Under the shadow of the Roundhouse and adjacent to the swelling wardan (ocean) sat the 2023 Fremantle Biennale pavilion, ‘Er’ – a design collaboration between architects vittinoAshe, Whadjuk Noongar Traditional Owner Brendan Moore, jeweller Melissa Cameron, Syrinx Environmental, sustainability and green infrastructure company, environmental scientist Dr. Linda Davies and ICS Australia. The bilingual text embodied the conceptual facets and formation of the Er pavilion:

the void’s salt stories
carved into constellation
Djallam bardip
kodjat walyalup boodjarak

a series of notes drawn
ephemeral structures traced
Koora wirnt
kwornt ngaran–iny

disparate fragments announced
a lightness of presence layered
Kendjil karda
biargar nidja

Mother/Sun
Ngarngk

concentrate elements to belong
koorliny gep ngan–iny gep

a collective composition repairs
Nidja kwoornt daan did–iny

before and after its being
koora wer korliny

together spaces
where one hesitates
Ngalla nidja
windji noonook kaatidj

in a place and time drink
Yeyi Nidjak ngan–iny gep

a natural utterance
Er.
Dtabakarn

Esca Inman Valley | Das Studio

Esca is a nature-based tourism operator offering environmentally sensitive, luxury experiences in regional settings, enabling landowners to unlock the potential of underutilised properties with a turn-key prefabricated, off-grid, accommodation solution.

This project, Esca’s third venture, features two 66m2 suites located atop Mt Alma in the picturesque Inman Valley.

Tasked with designing an experience, not simply a building, the design responds to a scripted 48-hour stay, focusing on creating memorable moments of joy that stay with guests long after departure.
Material choices speak to the surrounding landscape, and were chosen with tactility, robustness, and comfort in mind.

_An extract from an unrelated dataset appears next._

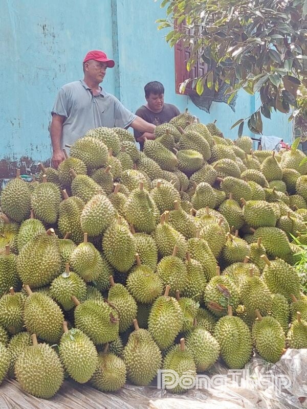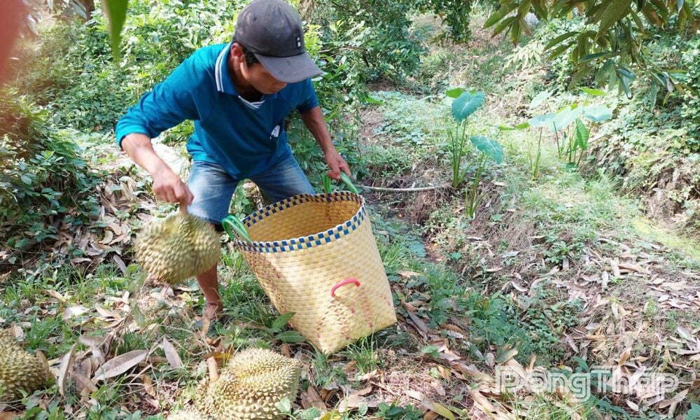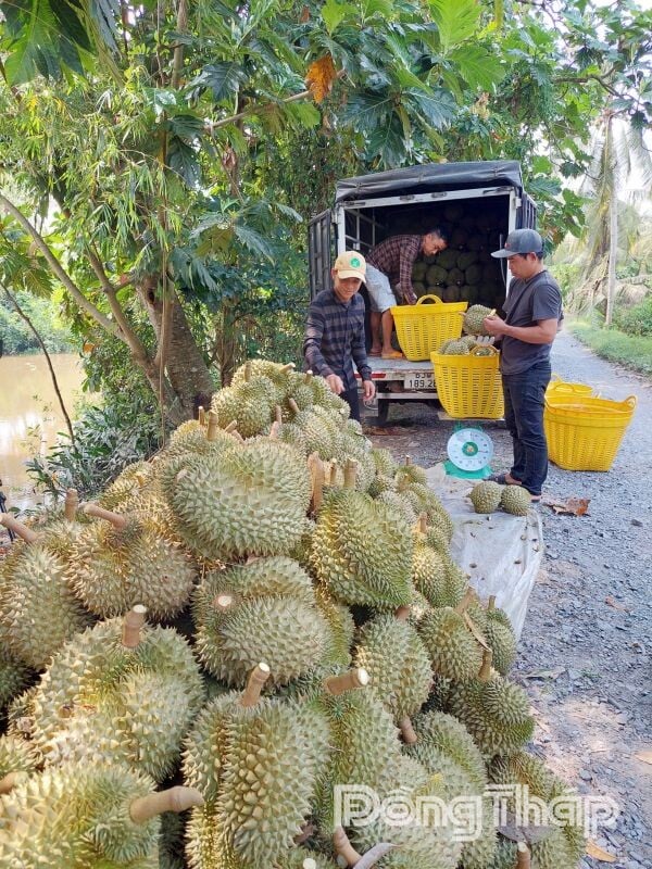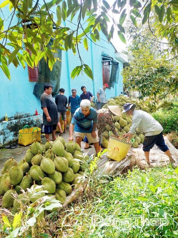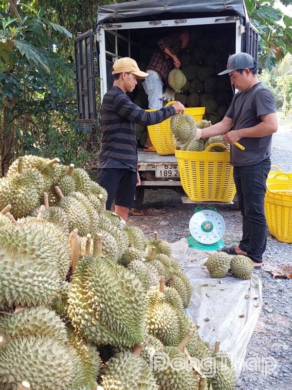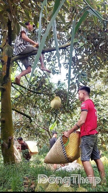 Durianplockarna skär den mogna frukten och släpper den till människorna nedanför. Durianen samlas in precis vid trädets bas innan de transporteras till en uppsamlingsplats för vägning av handlare. Samlar durian. Durianer transporteras till en uppsamlingsplats längs huvudvägen där handlare kommer för att väga och köpa dem. Trädgårdsmästarna samlar noggrant ihop varje durianfrukt. Trädgårdsmästarna samlar noggrant varje durianfrukt – belöningen för dagar av skötsel. Många fruktträdgårdsägare kom för att fira skördesäsongen, och utan att bli tillsagda hjälpte alla till för att samla och bära durianen. Handlarna kommer direkt till fruktträdgårdarna för att köpa durian. De tappar och sorterar varje durian innan de väger den och lastar den på lastbilar för distribution över hela landet och för export. Många durianhandlare sa: "Durianodlare i Dong Thap skördar under lågsäsong, säljer till bra priser och gör en hyfsad vinst."

An open-plan layout with intimate spaces concealed behind low-height walls and full-height cavity sliders, allow operability and privacy while maintaining incredible views from all key areas.

A full kitchen, luggage store, powder room, indoor/outdoor bathing, wood fire, king bed and protected terrace all provide a sense of space and luxury within a compact footprint.

Courtyard House | Atelier M

Courtyard House is an Alteration & Addition to the Heritage Listed Rinaultrie.

The brief was for a contemporary modification that created a better connection to the garden, improving privacy from the neighbours, whilst sculpting pockets of sunlight with the addition of new contemporary spaces.

The extension is a checkerboard of rooms and courtyards creating varied spaces. The morning courtyard capturing the eastern sun for a cup of tea, the larger afternoon courtyard which basks in the northern sunlight for family feasts that continue well past sunset, and the triangular double height space over the sunroom with its custom designed couch with seats facing the garden and courtyard.

The rear addition makes reference to the original fabric in the use of its matching sandstone, face brick and rendered walls, under its timber lined slate roof. It has done so with equal delight in the detailing.